→ **SUPPLIED INFORMATION**:
━━━━━━━━━━━━━━━━━━━━

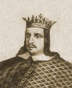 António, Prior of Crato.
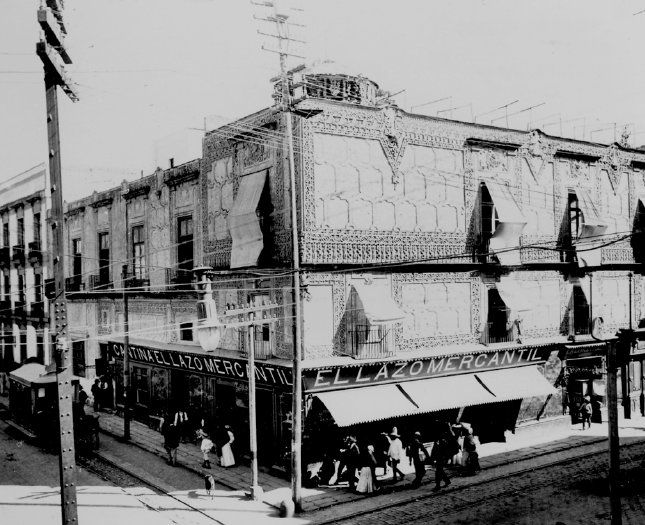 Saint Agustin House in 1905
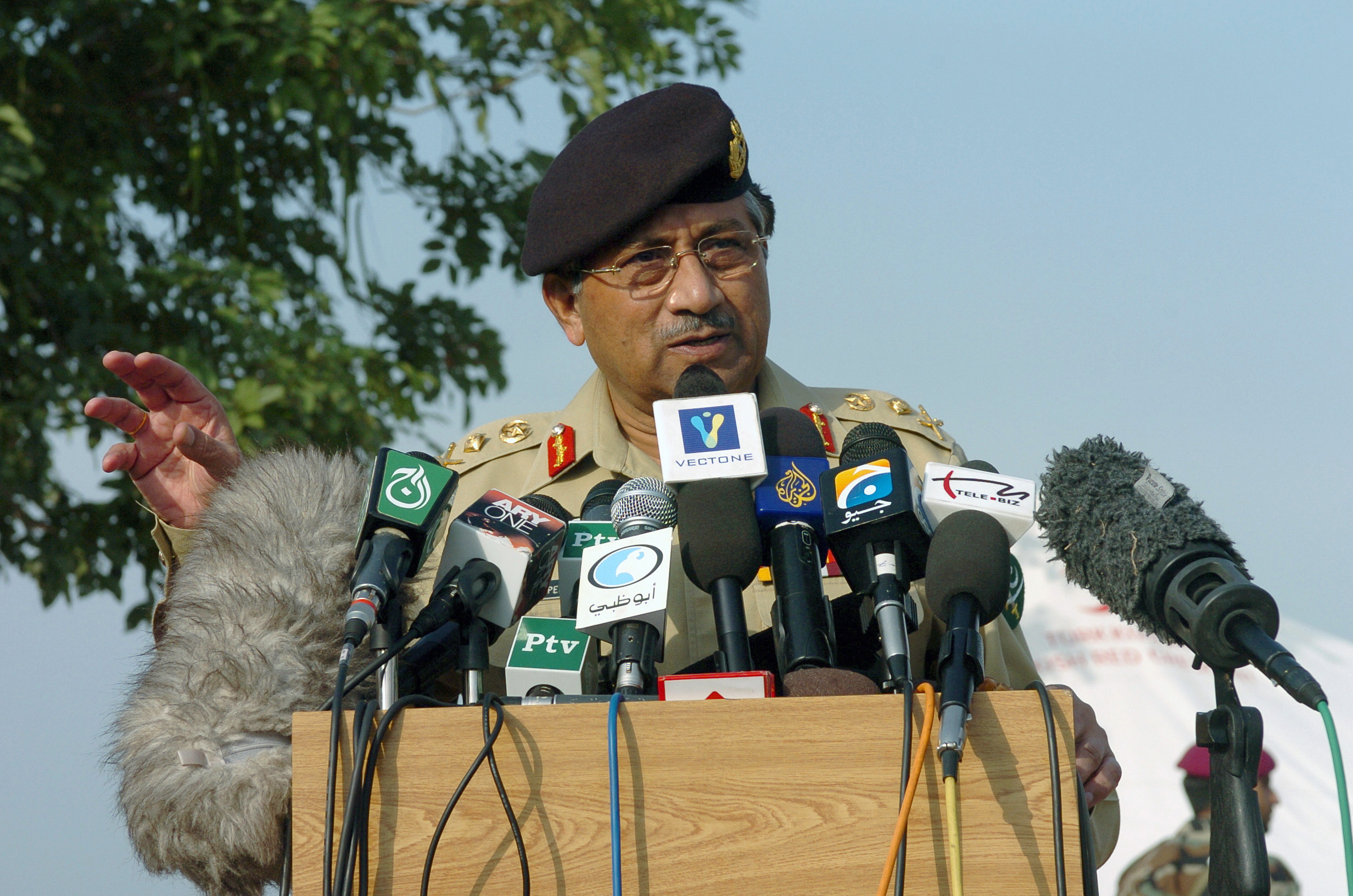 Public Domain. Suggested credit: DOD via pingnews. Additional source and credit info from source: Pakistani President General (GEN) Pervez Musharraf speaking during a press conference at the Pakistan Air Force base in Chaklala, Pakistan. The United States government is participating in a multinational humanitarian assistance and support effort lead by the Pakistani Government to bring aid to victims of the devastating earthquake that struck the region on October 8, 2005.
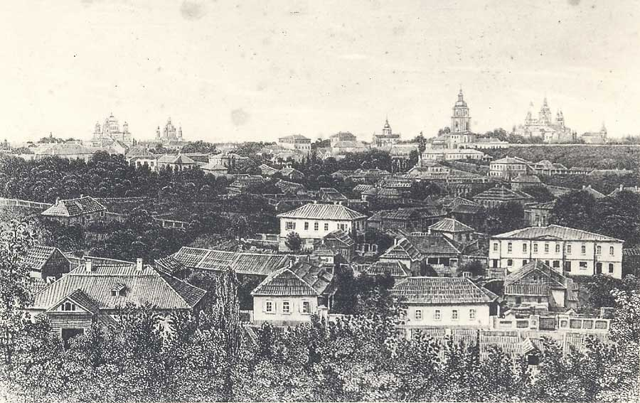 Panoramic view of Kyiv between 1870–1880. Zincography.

━━━━━━━━━━━━━━━━━━━━

→ **THE PROBLEM**:
Output nothing but an exact retyping of the material, pictures excluded.

→ **RESULT FOR THIS EXERCISE**:
 António, Prior of Crato.
 Saint Agustin House in 1905
 Public Domain. Suggested credit: DOD via pingnews. Additional source and credit info from source: Pakistani President General (GEN) Pervez Musharraf speaking during a press conference at the Pakistan Air Force base in Chaklala, Pakistan. The United States government is participating in a multinational humanitarian assistance and support effort lead by the Pakistani Government to bring aid to victims of the devastating earthquake that struck the region on October 8, 2005.
 Panoramic view of Kyiv between 1870–1880. Zincography.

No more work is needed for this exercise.